Дома стали трепать дяди в форме и без формы, приезжать: с кем я говорил, что сказал. Да и к хорошему всё получилось, это меня вытолкнуло из дому.

Поехал через Москву. Там жил мой неверующий брат. Он меня не узнал, я был уже с бородой. Он увидел и заматерился с испуга.
Куда же ехать дальше?

 По карте поводил пальцем. Решил ехать в Лиепаю, в Латвию.

Паспорта нет, военный билет не получен. И сколько там было мы­тарств! Приехал, в наличии было всего 6 рублей... Месяца за полтора научился латышскому языку, стал разговаривать, слушать радио, читать их книги.

 Господь вёл Своими путями. Уже совсем близко. Работал бетонщиком. Город пограничный, прописки нет, а я тут беспаспортный. И вдруг пол­ковник милиции, начальник отдела, спрашивает: «Ты что с бородой, ве­ришь в Бога?» – «Да, верю и исповедую». Он вдруг берет трубку и звонит в отдел кадров, где я был, и где меня строгая женщина твёрдо заверила, что здесь не пропишут, и вдруг он ей звонит: «Принимай, мы ему разрешили». И правда, мне потом дали и паспорт, и военный билет.
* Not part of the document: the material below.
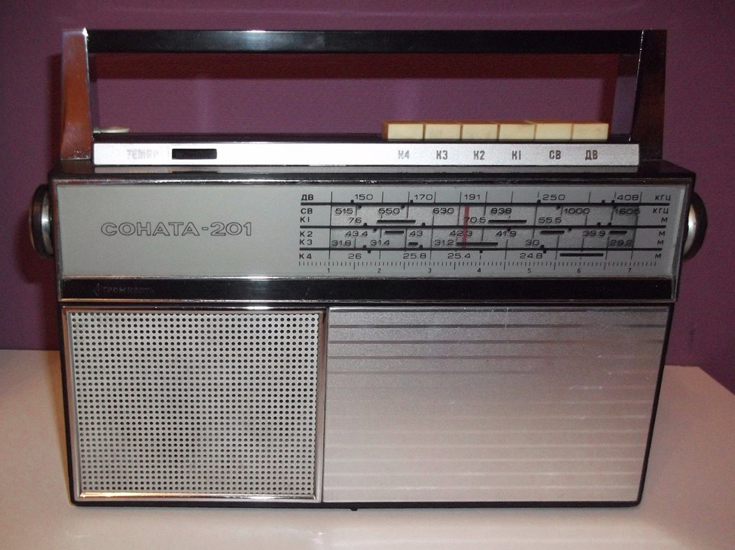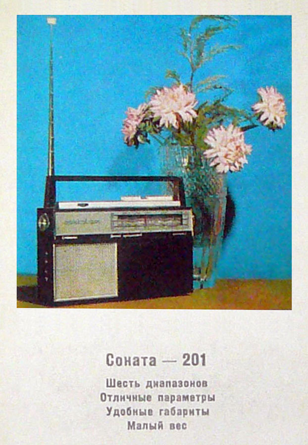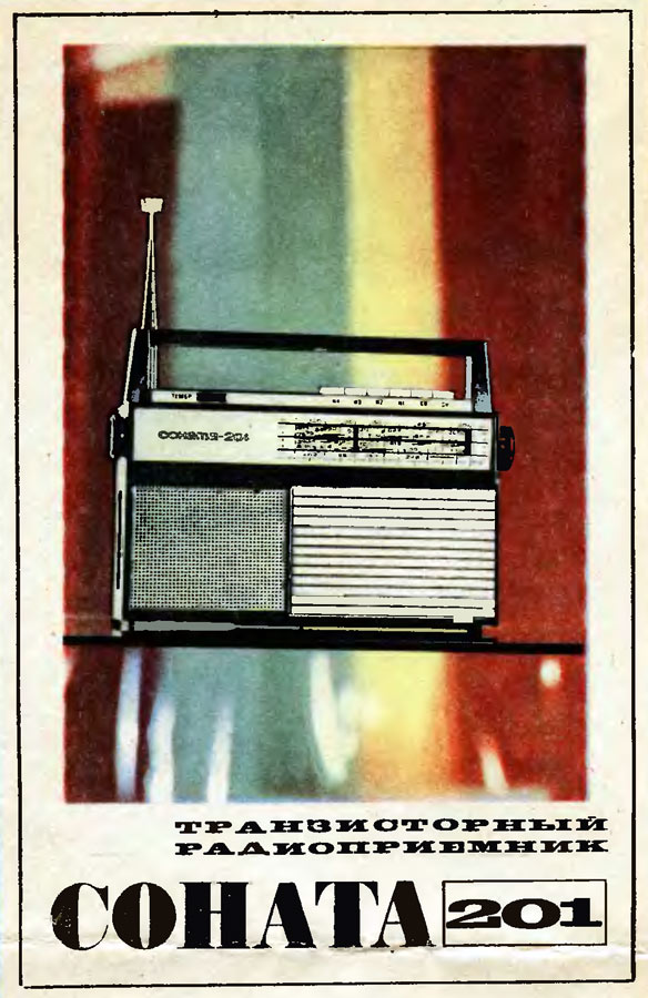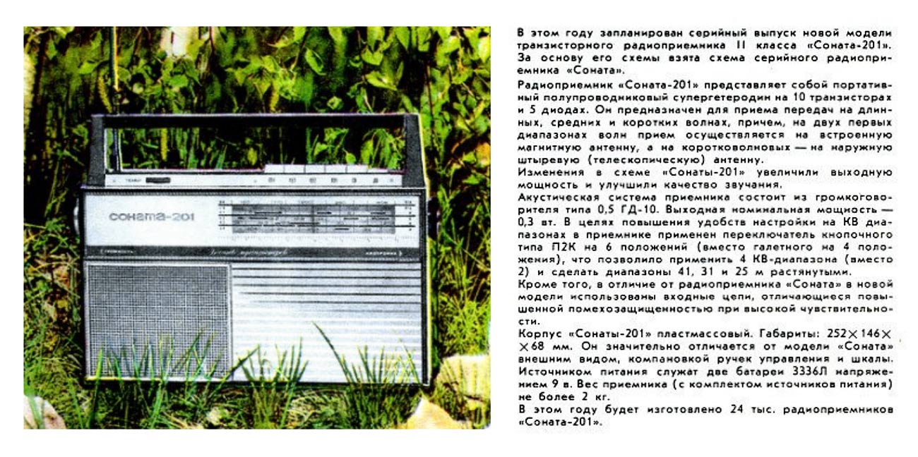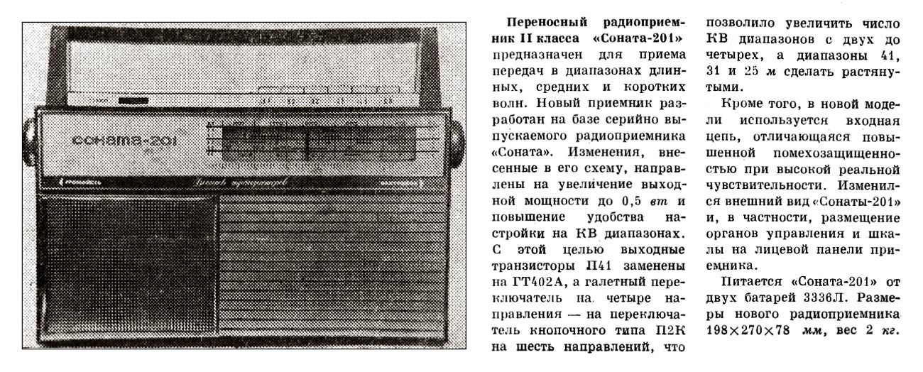 Портативный радиоприёмник *Соната-201* с 1972 года выпускал Ленинградский завод *Радиоприбор*. Радиоприёмник 2-го класса **Соната-201** предназначен для приёма программ радиовещательных станций в диапазонах ДВ, СВ и четырёх поддиапазонах КВ. Он разработан на основе приёмника **Соната**. Изменения в электрической схеме направлены на увеличение выходной мощности до 0,5 Вт и удобству настройки на KB поддиапазонах. Для этого выходные триоды П41 заменены на ГТ402А, а галетный переключатель заменён новым кнопочным переключателем на шесть положений. Это нововведение позволило увеличить число KB поддиапазонов с двух до четырёх, а поддиапазоны 41, 31 и 25 метров сделать растянутыми. Кроме того в модели используется входная цепь отличающаяся помехозащищенностью и высокой чувствительностью. Изменился и внешний радиоприёмника, а также размещение его органов управления и шкалы. Питание осуществляется от 2-х батарей 3336Л. Размеры радиоприёмника - 198 х 270 х 78 мм. Масса 2 кг. Экспортный вариант радиоприёмника имел КВ поддиапазоны с 16 до 50 метров.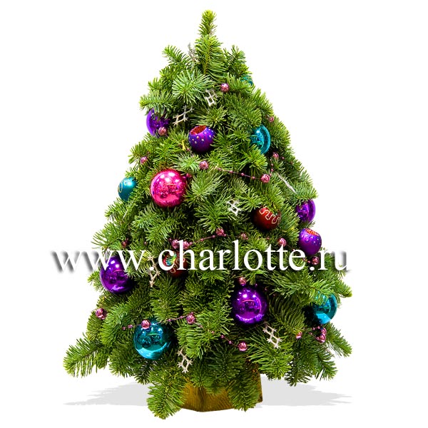Елочка из лапника и новогодних игрушек в лилово-сиреневых тонах. Возможно изменение цветовой гаммы, для этого звоните нашим операторам по телефону или указывайте в разделе "комментарии для флориста" при заказе через интернет.

 На корабль не взяли, стояла «статья» в военном билете, вот глав­ная препона. Когда в психушке я сказал, что готовлюсь в институт международных отношений, к выезду за границу, то они мне сказали: «Забудь, этого не будет, мы тебе так сделаем, что ты никуда не посту­пишь и не уедешь». Как же это они могут так сделать? Да, я уеду, и они век знать меня не будут... А вон оно как вышло. Никуда не уедешь от своих документов, а в военном билете все прямо сказано, да ещё и рас­шифровка: вялотекущая шизофрения. Потом, после многократных стацио­нарных обследований подтвердят, что и не было ничего, и нет, и будут смеяться психиатры над теми, кто мне там, в Хабаровске, эту липу дал. Но и это не без воли Божьей. Иначе уже давно бы где голову свою сложил, и может быть и за границей. Слава Богу за всё!

 Вздумал поступить в мореходку, на штурмана. Конкурс – 14 человек на одно место. Из четырёх предметов набрал 19 баллов. По математике прознали, что я могу маленько, и стали записки слать абитуриенты, и мне пришлось все четыре варианта решить для всего состава поступающих, а у себя одну запятую просмотрел. Рады они ущипнуть русского лиходея и..., но приняли. Начальник экзамена латыш видел, что я делаю и передаю другим и молчит, отвернётся – это же его братьям помогаю, латышам. Может и это ещё помогло.

 Прошёл все комиссии строгие, здоровье требуется отменное. Но в армию забирали меня во флот и потому знаю, что там нужны не хиляки. Но надо им в руки дать военный билет – а это конец хождения, – там «статья». И вдруг сработало, обошлось без военного билета, кто-то где-то просмотрел. ГОДЕН!!! Перехожу на заочное. Еду в Вентспилс, запутать след, поступить на корабль. Снова комиссия? Возвращаюсь в Лиепайское училище, снимаю копии и по ним принимают. Работаю матросом I класса. Добиваюсь разрешения поступать в Высшее Макаровское учили­ще в Ленинграде. Но сначала надо окончить это, в Лиепая. Делаю запрос, прошу позволить сдать все курсы трехгодичные за одни год, по выбору комиссии сда­вать все предметы на немецком, английском иди французском языках. Предел гордости.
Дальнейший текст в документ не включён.